La dentición marca un hito importantísimo en la vida del bebé: el lactante se convierte en un chico capaz de probar, masticar y asimilar nuevos alimentos.

Babas, diarreas, fiebre, malestar… a primera vista parece que la dentición es un mal terrible. Sin embargo, es más probable que estos síntomas se deban a otros acontecimientos en la vida del bebé: el comienzo de la alimentación sólida y el agotamiento de las defensas inmunológicas procedentes de la madre. No debemos preocuparnos, pero sí tenemos que informarnos para que este proceso natural transcurra lo mejor posible.

¿Existen remedios para aliviar las molestias?

Parece una contradicción buscar un remedio para algo que, supuestamente, no duele. Sin embargo, es un hecho comprobado que, durante la dentición, los bebés no se portan como de costumbre: lloriquean más, duermen peor, están de mal humor…

A veces, los ayuda morder un aro relleno de agua, enfriado previamente en la heladera, que podemos comprar en cualquier farmacia. También se venden pomadas para pasar en las encías, aunque los médicos, por lo general, las consideran de poco efecto.

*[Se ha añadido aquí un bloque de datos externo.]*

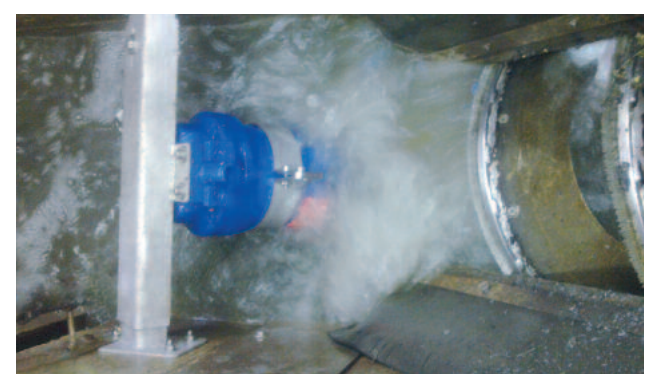
External screenings washing system (ERGA). A preceding washing system washes out the organic matter.

Pero no son nocivas y los chicos parecen aceptarlas bien. A lo mejor, su eficacia consiste en la sensación de frescura que sienten sobre las encías o, sencillamente, en la atención extra que reciben cuando su mamá se las masajea suavemente. En algún caso puede ser conveniente administrar al bebé un analgésico; el pediatra dirá cuál es el más adecuado.